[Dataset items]
◆ ◆ ◆ ◆
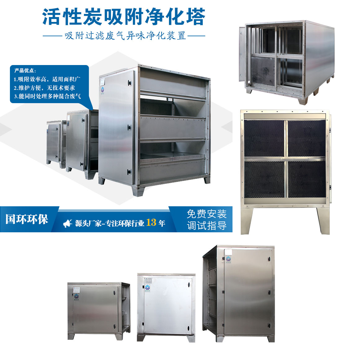 活性炭吸附塔又可稱為活性炭吸附過濾器,活性炭吸附箱,是我公司研制生產(chǎn)的一種廢氣過濾吸附異味的環(huán)保設(shè)備產(chǎn)品,活性炭吸附塔塔體可用不銹鋼等材質(zhì)制作?;钚蕴课剿哂形叫矢?、適用面廣、維護(hù)方便、能同時(shí)處理多種混合廢氣等優(yōu)點(diǎn),活性炭具有去除甲醛、苯、TVOC等有害氣體和消毒除臭等作用,活性炭吸附塔現(xiàn)廣泛用于電子原件生產(chǎn)、電池(電瓶)生產(chǎn)、酸洗作業(yè)、實(shí)驗(yàn)室排風(fēng)、冶金、化工、醫(yī)藥、涂裝、食品、釀造等有機(jī)廢氣處理、其中噴漆廢氣處理的凈化應(yīng)用最為廣泛。
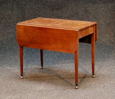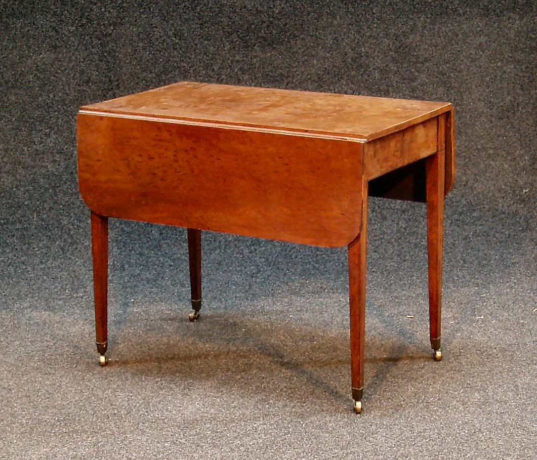 the rectangular twin flap top with rounded angles,boxwood stringing, above a single frieze drawer, on square tapering legs with brass caps and castors
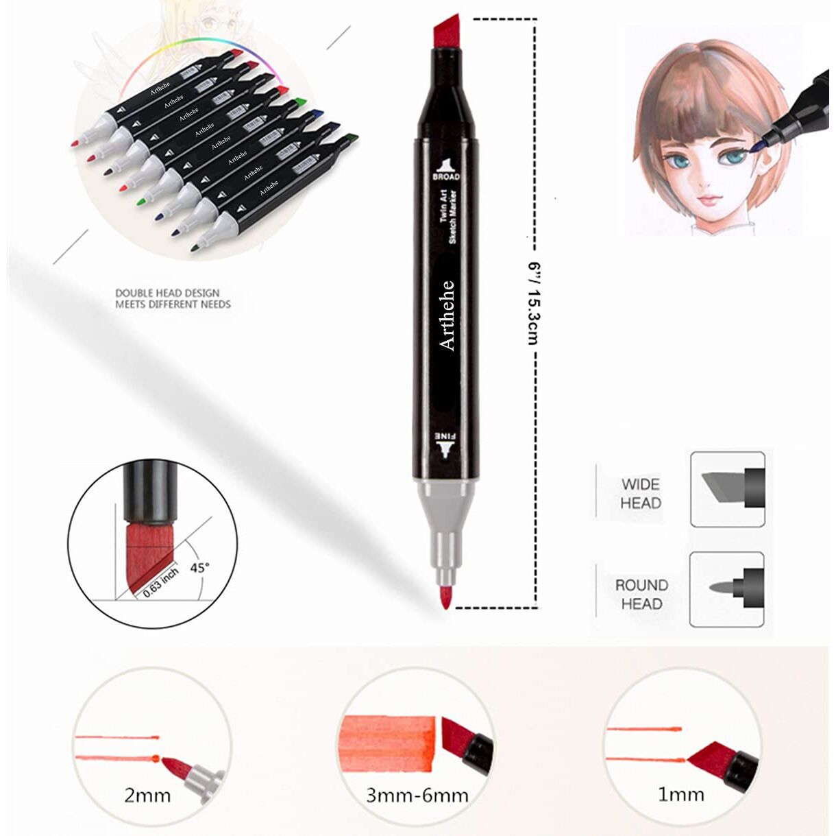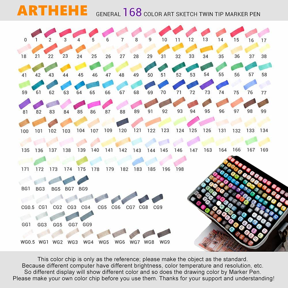 ARTHEHE 168 Farben Graffiti Stifte + 2 Farbmischstifte Nr. 0, Doppelspitzen-Marker-Stifte für Manga-Designschule (170 Stück)
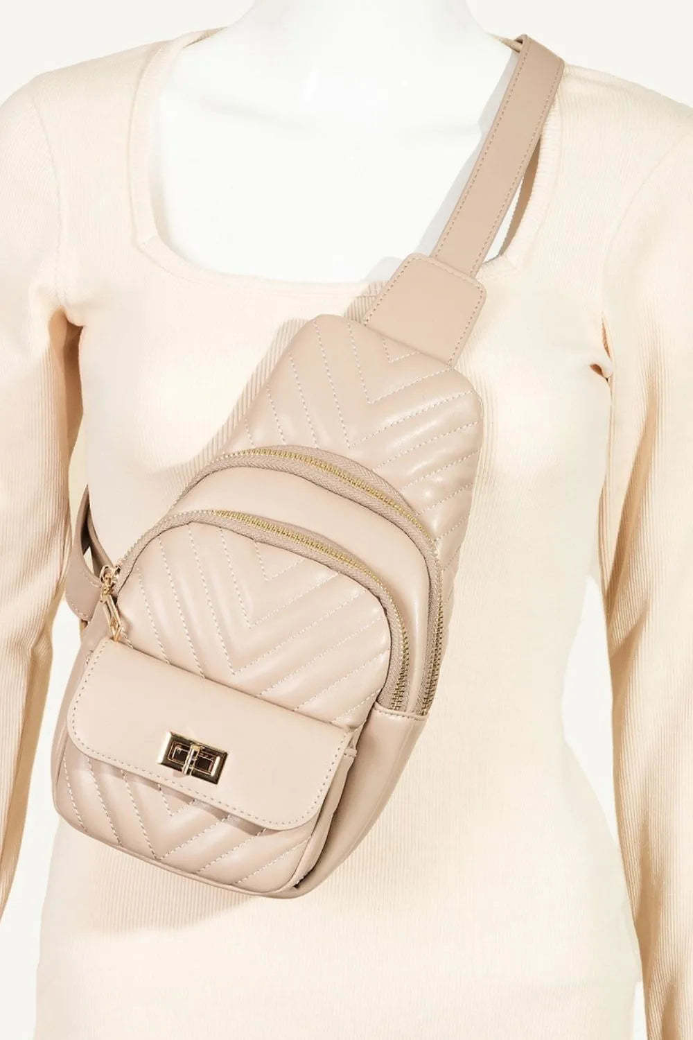 This stylish quilted crossbody bag features a sophisticated diamond-stitched pattern in a versatile nude beige tone. Crafted with premium synthetic leather material, it showcases elegant gold-tone hardware including zippers and turn-lock closure. The adjustable strap allows for comfortable crossbody wear or fashion chest bag styling. Perfect compact size for carrying daily essentials while maintaining a chic, structured silhouette. The quilted texture adds luxurious appeal while the neutral color complements any outfit. Ideal for fashion-forward individuals seeking both style and functionality in a versatile accessory.
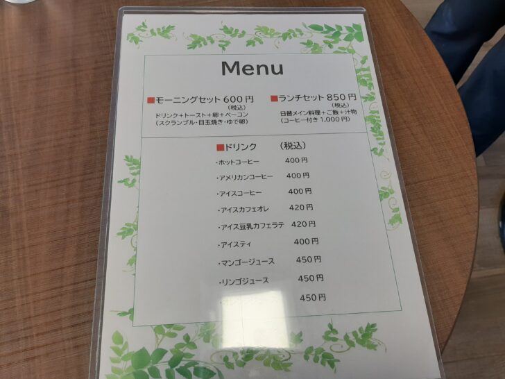 これがプレオープン中の現在のメニュー表です。モーニングセットは【税込600円】で、ドリンク、トースト、ベーコン、卵付きです。ランチセットは【税込850円】、ドリンク付きは【税込1,000円】です。
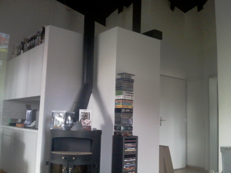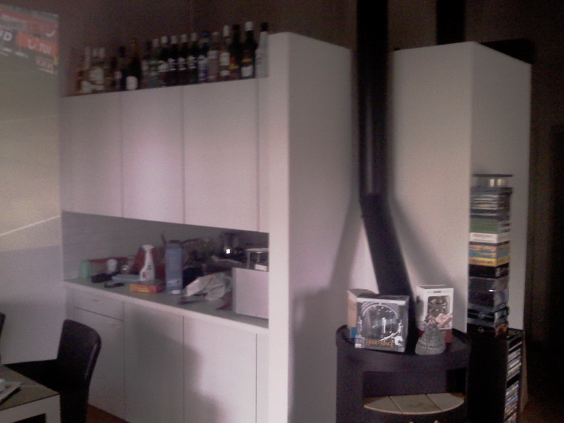 Bild 3, rechts vom Bild, da zwischen den Flaschen möchte ich den front Rechts Speaker drauf stellen... ca. 80-100 cm von der Wand weg, dann wärs gleich weit, wie auf der anderen Seite...
◆ ◆ ◆ ◆
- [EXERCISE REQUIREMENTS]:
Retype every entry exactly, but keep the pictures out of your copy.

- [SOLVED PROBLEM]:
 活性炭吸附塔又可稱為活性炭吸附過濾器,活性炭吸附箱,是我公司研制生產(chǎn)的一種廢氣過濾吸附異味的環(huán)保設(shè)備產(chǎn)品,活性炭吸附塔塔體可用不銹鋼等材質(zhì)制作?;钚蕴课剿哂形叫矢?、適用面廣、維護(hù)方便、能同時(shí)處理多種混合廢氣等優(yōu)點(diǎn),活性炭具有去除甲醛、苯、TVOC等有害氣體和消毒除臭等作用,活性炭吸附塔現(xiàn)廣泛用于電子原件生產(chǎn)、電池(電瓶)生產(chǎn)、酸洗作業(yè)、實(shí)驗(yàn)室排風(fēng)、冶金、化工、醫(yī)藥、涂裝、食品、釀造等有機(jī)廢氣處理、其中噴漆廢氣處理的凈化應(yīng)用最為廣泛。
 the rectangular twin flap top with rounded angles,boxwood stringing, above a single frieze drawer, on square tapering legs with brass caps and castors
 ARTHEHE 168 Farben Graffiti Stifte + 2 Farbmischstifte Nr. 0, Doppelspitzen-Marker-Stifte für Manga-Designschule (170 Stück)
 This stylish quilted crossbody bag features a sophisticated diamond-stitched pattern in a versatile nude beige tone. Crafted with premium synthetic leather material, it showcases elegant gold-tone hardware including zippers and turn-lock closure. The adjustable strap allows for comfortable crossbody wear or fashion chest bag styling. Perfect compact size for carrying daily essentials while maintaining a chic, structured silhouette. The quilted texture adds luxurious appeal while the neutral color complements any outfit. Ideal for fashion-forward individuals seeking both style and functionality in a versatile accessory.
 これがプレオープン中の現在のメニュー表です。モーニングセットは【税込600円】で、ドリンク、トースト、ベーコン、卵付きです。ランチセットは【税込850円】、ドリンク付きは【税込1,000円】です。
 Bild 3, rechts vom Bild, da zwischen den Flaschen möchte ich den front Rechts Speaker drauf stellen... ca. 80-100 cm von der Wand weg, dann wärs gleich weit, wie auf der anderen Seite...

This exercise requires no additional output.